Run cp .env.example .env, configure settings, then docker compose up --build -d. Add as Wyoming integration in Home Assistant.

Docker Compose Deployment (Recommended)

For easier deployment and configuration management, use Docker Compose:

  1. Copy the environment template:

    cp .env.example .env
  2. Edit .env to configure your setup:

    # Edit configuration values as needed
    vim .env

See the short configuration overview below or checkout the .env.example for detailed documentation of all options.

  1. Start the service:
    # Build and start in detached mode
    docker compose up --build -d
    
    # View logs
    docker compose logs -f

GPU Support:

To enable NVIDIA GPU support, symlink the provided override file:

ln -s docker-compose.gpu.yml docker-compose.override.yml

And apply changes:

docker compose up -d

GPU mode should get enabled automatically, but you can also do so explicitly by setting DEVICE=cuda in your .env file.

Local Model Files:

If you have pre-downloaded Voxtral models, uncomment the model volume mount in docker-compose.yml:

volumes:
  - ./models:/models:ro

Then set MODEL_ID=/models/<model_name> in your .env file (e.g. MODEL_ID=/models/Voxtral-Mini-4B-Realtime-2602).

Audio Saving:

To save all received audio input as WAV files (one per transcription request), set SAVE_AUDIO=true in your .env file. The audio files will be saved to the directory specified by AUDIO_SAVE_DIR (default: ./output/audio/).
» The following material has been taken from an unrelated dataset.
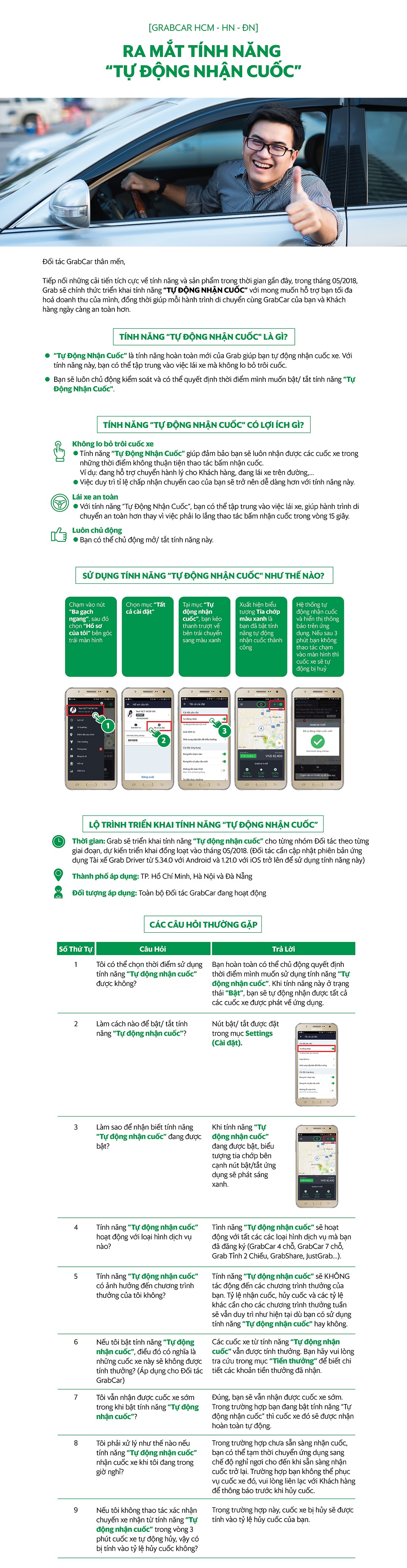 [GrabCar HCM-HN-ĐN] Ra mắt tính năng “Tự động nhận cuốc”

The docker-compose.yml file includes a bind mount for the audio directory:

volumes:
  - ./output/audio:/output/audio

Audio files are automatically saved to ./output/audio/ on your host machine with timestamp-based filenames that include the first 100 characters of the transcribed text (e.g., audio_20251011_203145_123456_Hello_world_this_is_a_test.wav). Special characters in the transcription are replaced with underscores for filesystem safety.

⚠️ Warning: Audio files may contain sensitive information. Ensure proper access controls are in place when enabling this feature.

Docker Deployment (Alternative without Docker Compose)

Building the Image

docker build -t voxtral-wyoming:latest .

Running the Container

# Basic run
docker run --rm -it -p 10300:10300 voxtral-wyoming:latest

# With volume mount for Voxtral model
docker run --rm -it \
  -p 10300:10300 \
  -v /path/to/voxtral/models:/models:ro \
  -e MODEL_ID=/models/Voxtral-Mini-4B-Realtime-2602 \
  voxtral-wyoming:latest

# With GPU support (NVIDIA)
docker run --rm -it --gpus all \
  -p 10300:10300 \
  -v /path/to/voxtral/models:/models:ro \
  -e MODEL_ID=/models/Voxtral-Mini-4B-Realtime-2602 \
  -e DEVICE=cuda \
  voxtral-wyoming:latest

Home Assistant Integration

First of all, make sure that you've started the Voxtral Wyoming server as described above.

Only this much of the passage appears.